When asked about technologies that RED THREAD and its clients are really coming to embrace, Kowalsky did not hesitate to bring up one of the biggest buzzwords in our industry: AVoIP. “Most recently,” he began, “we have been designing and deploying a fair amount of AVoIP systems—both localized [ones] and [those] living on the customer’s network.” Kowalsky noted that, although the ascendance of AVoIP hasn’t necessarily made things easier for RED THREAD, “It has enhanced our ability to provide a solution that works for some of our customers. It has also challenged our folks [to step] outside of their comfort zone.” As has been covered extensively in both Sound & Communications and IT/AV Report in recent issues, the dividing line between AV professionals and IT professionals has largely disappeared, meaning practitioners in our industry have to be fully conversant in the language of the network.

Although much of RED THREAD’s success is attributable to its own internal resources, Kowalsky was quick to give credit to USAV Group (www.usavgroup.net)—a nationwide network of commercial AV specialists—for the value it provides. “We are a member of USAV Group,” he affirmed, “[and it] provides opportunities for integrators outside of their typical business plans. [The group offers] support and, in some cases, buying power.”

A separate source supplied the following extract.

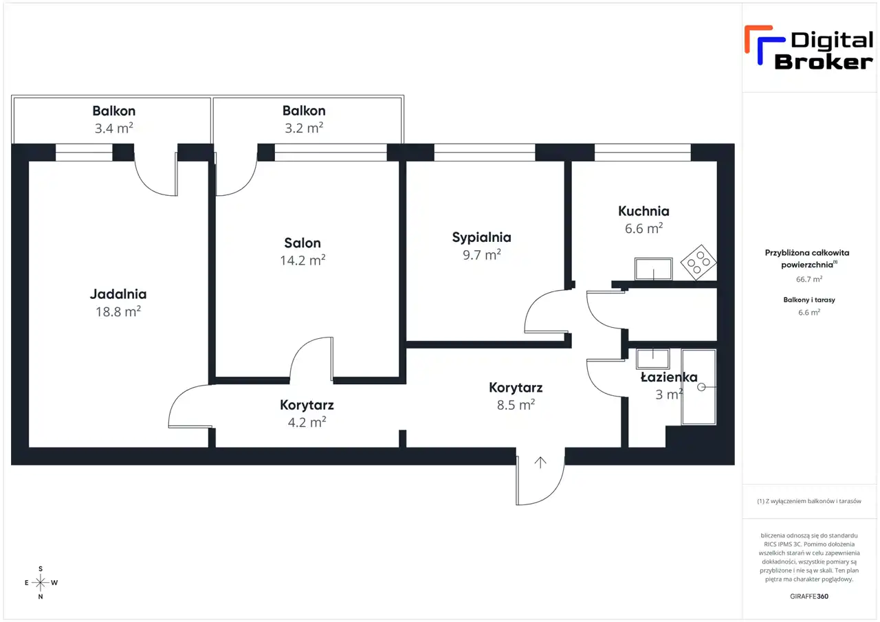 - Charakterystyka mieszkania 67.07 m2, 3 pokoje

Asked for closing thoughts, Kowalsky underscored RED THREAD’s customer focus and organizational nimbleness. “Our business is unique,” he said, “in that we leverage relationships from other business segments within our organization to provide the technology that fits our customers’ needs.” He described the company’s transition from being “a furniture company that does AV” to what he called “the best option for technology in the northeast,” an opinion, he quipped with a chuckle, that was totally unbiased.

Conclusion

Even as some economists forecast a recession somewhere on the horizon—it appears that the 2010s will be the first decade without a recession in the US since the 1800s—the commercial AV industry shows no signs of slowing down; in fact, on the contrary, growth estimates are being upwardly revised. Many factors (technological, vertical market-driven and geographical) are contributing to our industry’s strength, but, irrespective of the causes, there is good reason to remain optimistic about AV integrators’ ability to earn a great living by delivering exceptional experiences.